1. Begin with a whole-class discussion of bias and stereotyping. Ask students to identify and define stereotypes and how they impact their decisions. Next, ask them to define bias and identify instances of bias that they may have encountered in their own lives.

2. After the class discussion, have students access Media Awareness Network: Media Stereotyping. While reading this webpage, ask students to make a list of the different stereotypes and include general information about their impact.

Session 2

1. Have students identify some of the most commonly stereotyped groups (e.g., women, minorities, young men) and select one group to research further.

2. Have students again access the Media Stereotyping webpage to read more about the particular group that they selected. Ask them to focus specifically on the areas of representation in the news and entertainment, body image, and gender roles. While students are researching, they should compile their findings about the stereotyped group in a chart.

3. End the session by asking students to discuss the overall concepts of stereotypes and how they impact different aspects of society.

Homework: Ask students to bring in magazine ads for the next class session.

Session 3

As preparation for this session, gather a variety of magazine ads for students to view in class. Students have also been assigned to bring in magazine ads.

1. Have students visit the following websites to review and take notes on the different types of propaganda techniques used in advertising:

If you do not have access to a full computer lab, information about the propaganda techniques can be printed out and distributed to students.

2. Give students a copy of the Analyzing Advertisements handout. Together as a class, explore the types of propaganda techniques used in the magazine ads you have selected. Fill out the handout on the overhead as you identify the advertisement and the type of propaganda used.

3. End the session by asking students to identify the propaganda techniques used in the ads they brought to class and explain how they reached their decision.

Homework: Distribute another copy of the Analyzing Advertisements handout. Ask students to watch a few television commercials and complete the handout for homework.

Session 4

1. In small groups, have students discuss the findings from their homework and class work. Ask them to explore the following questions:
  • Which propaganda techniques were used in magazine ads?

  • Which propaganda techniques were used in television ads?

  • Which propaganda techniques were used most frequently?

  • Do the propaganda techniques used in television ads differ from those used in magazine ads?

  • How did television elements such as sound, motion, and repetition of images impact the student as a viewer?

  • How did these television elements contribute to or distract from the ad?

  • What type of stereotyping did students see in television ads?

  • Which medium, television or magazine, has the most impact on its target audience?

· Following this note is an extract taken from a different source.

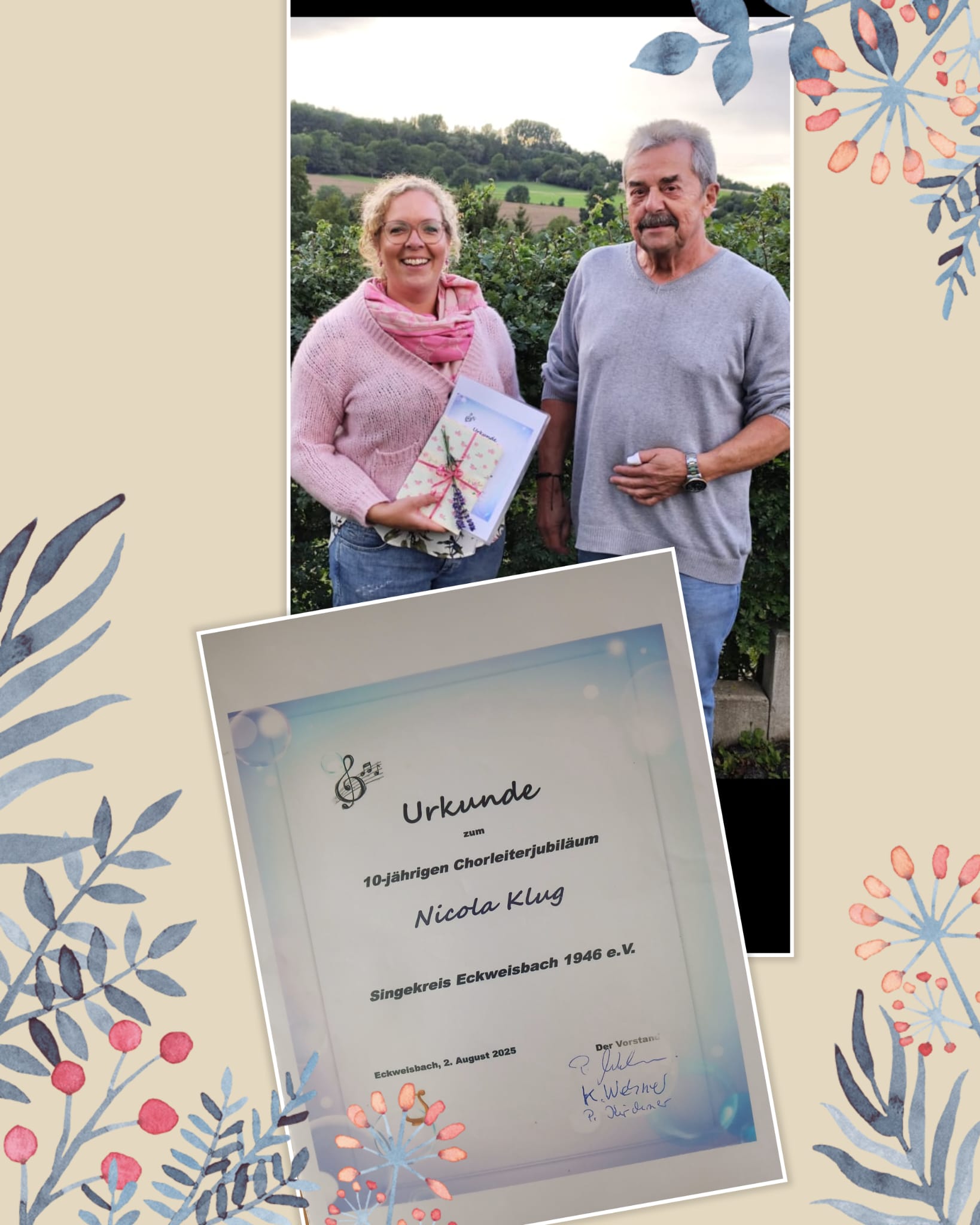 | Im Rahmen des diesjährigen Sommerfestes wurde unsere Chorleiterin Nicola Klug für ihre 10-jährige Tätigkeit geehrt |

  • Why might an advertiser choose a specific magazine or television program in which to advertise?
2. Following the small-group discussion, ask students to share their findings with the class. Explore the similarities and differences between television and magazine ads.

3. End the discussion by asking students to determine what makes a magazine ad effective and what makes a television ad effective. As students share, record their responses on an overhead for all to see and reference. This overhead can be photocopied later and given to students to help them as they create their own ad campaign.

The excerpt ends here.